[Problem details] Repeat the full listing below verbatim and keep the images out.

[The data]
%%

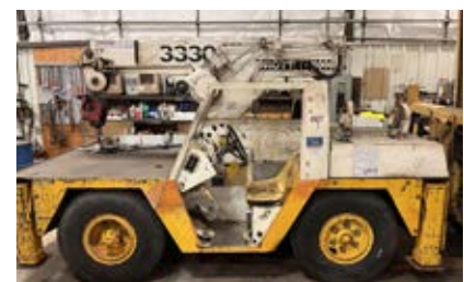
Drott Case 3330 13600 lb Diesel Crane
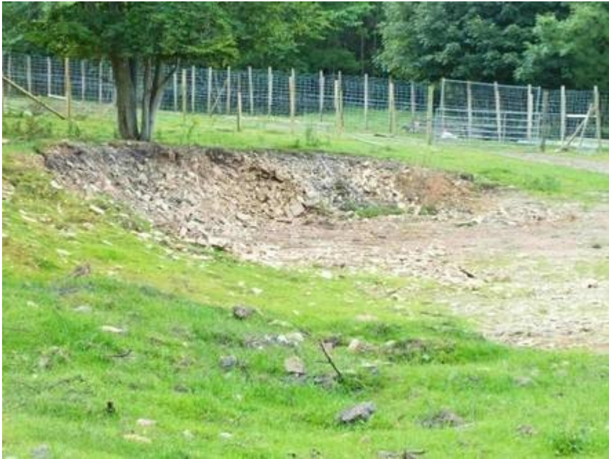
(Figure 33) SP 30. Spoil heap from old limestone quarry. [NT 3519 6335].
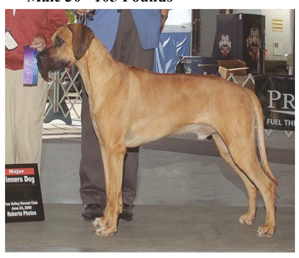
Male 30" 105 Pounds

%%

[Expected answer]
Drott Case 3330 13600 lb Diesel Crane
(Figure 33) SP 30. Spoil heap from old limestone quarry. [NT 3519 6335].
Male 30" 105 Pounds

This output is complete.